Date: Tue, 10 Mar 2009 15:48:49 -0500
User-agent: Mozilla-Thunderbird 2.0.0.19 (X11/20090103)

Beartooth wrote:
On Sun, 08 Mar 2009 22:13:12 +0100, Rhialto wrote:

On Sun 08 Mar 2009 at 15:32:46 +0000, Beartooth wrote:
        However, trying to do a make install on build_GarminDev, which
contains qlandkarte, I got an error :

CMake Error at src/cmake_install.cmake:36 (FILE):
  file Problem setting permissions on file
  "/usr/include/garmin/IDevice.h"

        Fwiw, I did a chown -R on that, and make install ran.

        What is bothering me is finding permission problems buried way
down deep in new stuff.
Well, normally, the installation procedures are run as root (the
superuser), who owns /usr/include/ and most other installed files. You
can "get around" that by chowning more and more files/directories to
make them owned by you, but then you lose the advantage of the different
owners. It means you could now do something bad to those files by
accident, and not be protected by the lack of permission to do so.

Iiuc, the trouble is that I'm swinging too big a hammer. Right? So I ought to chown all of /usr/include back to root -- and then do what about the permission trouble? (I had tried doing make install both as root and as user, and failed with both, though I see I neglected to say so.)

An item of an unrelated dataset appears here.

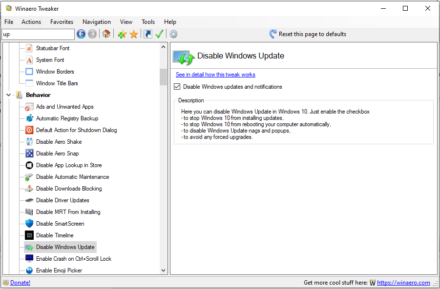 2. С помощью программы Winaero Tweaker. В ней слева в дереве выбираем "Behavior" - "Disable Windows Updates and notifications" и ставим галку. Служба глохнет пока галку не снимете. Настройка не слетает. Каталог с программой можно спокойно скопировать на флешку/сеть и запускать оттуда.

I never have been able to get my head around the details of permissions. They're like grub: the concept is plain enough, but every attempt to adjust details (with chmod? or is there a chperm??) gets me snarled up like a bug in a web.


No, don't *keep* blindly chowning files. Unfortunately, what you really need to do at this point is

A) start from scratch -- fresh install and move *NOTHING* except data files from your home directory to the new install, reinstall/recompile/rebuild everything else that uses files outside the /home/ tree

OR B) Do a clean install on another machine (none of your data, etc.) and then start comparing permissions, file-by-file, and fixing them on your current machine.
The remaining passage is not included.